Florence looked downcast for a moment as her forehead wrinkled and her top row of teeth bit firmly onto her bottom lip before the round little face brightened as if a curtain had been suddenly drawn back and let in the daylight.

“Would you like to meet Mrs. Jenkins who runs the post office?” she asked. “I could introduce you. She sometimes smells of cheese. I don’t know why. Sometimes she tells the truth by accident. She doesn’t know she’s doing it. Mum says it’s a sort of illness. Anyway, I like her because not everyone tells the truth. And sometimes she swears by mistake too.”

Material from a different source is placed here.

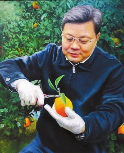 游历昭君故里秭归时,了解到当时的秭归县委书记卢辉为了工作呕心沥血,从不过周末,脚步踏遍了全县的山山水水。深为感动的向斌,以秭归盛产的橙子为题材,绘出了题为《硕果》的卢辉肖像画。

“Yes, please. I would certainly like to meet Mrs. Jenkins,” May said. “Perhaps we could go and see her on a bike ride together?”

May was keen to get a bicycle as soon as possible. Back home, when she wasn’t driving the car, she had bicycled everywhere.

Florence was looking worried again.

“Haven’t you got a bike?” May asked her.

“No I haven’t because, well, because I don’t know how to ride one. Mum says she would love to teach me but she hasn’t got the time at the moment. You won’t tell anyone from school, will you? I have to keep it a secret or my friends will tease me.”

“I will teach you, if you like? Perhaps Mr. Hooch has a couple of old rusties in his shed and we could find a time to practise?”

Florence’s eyes shone as she jumped on the bed, kissed May on the cheek and was out of the room before May had time to say another word.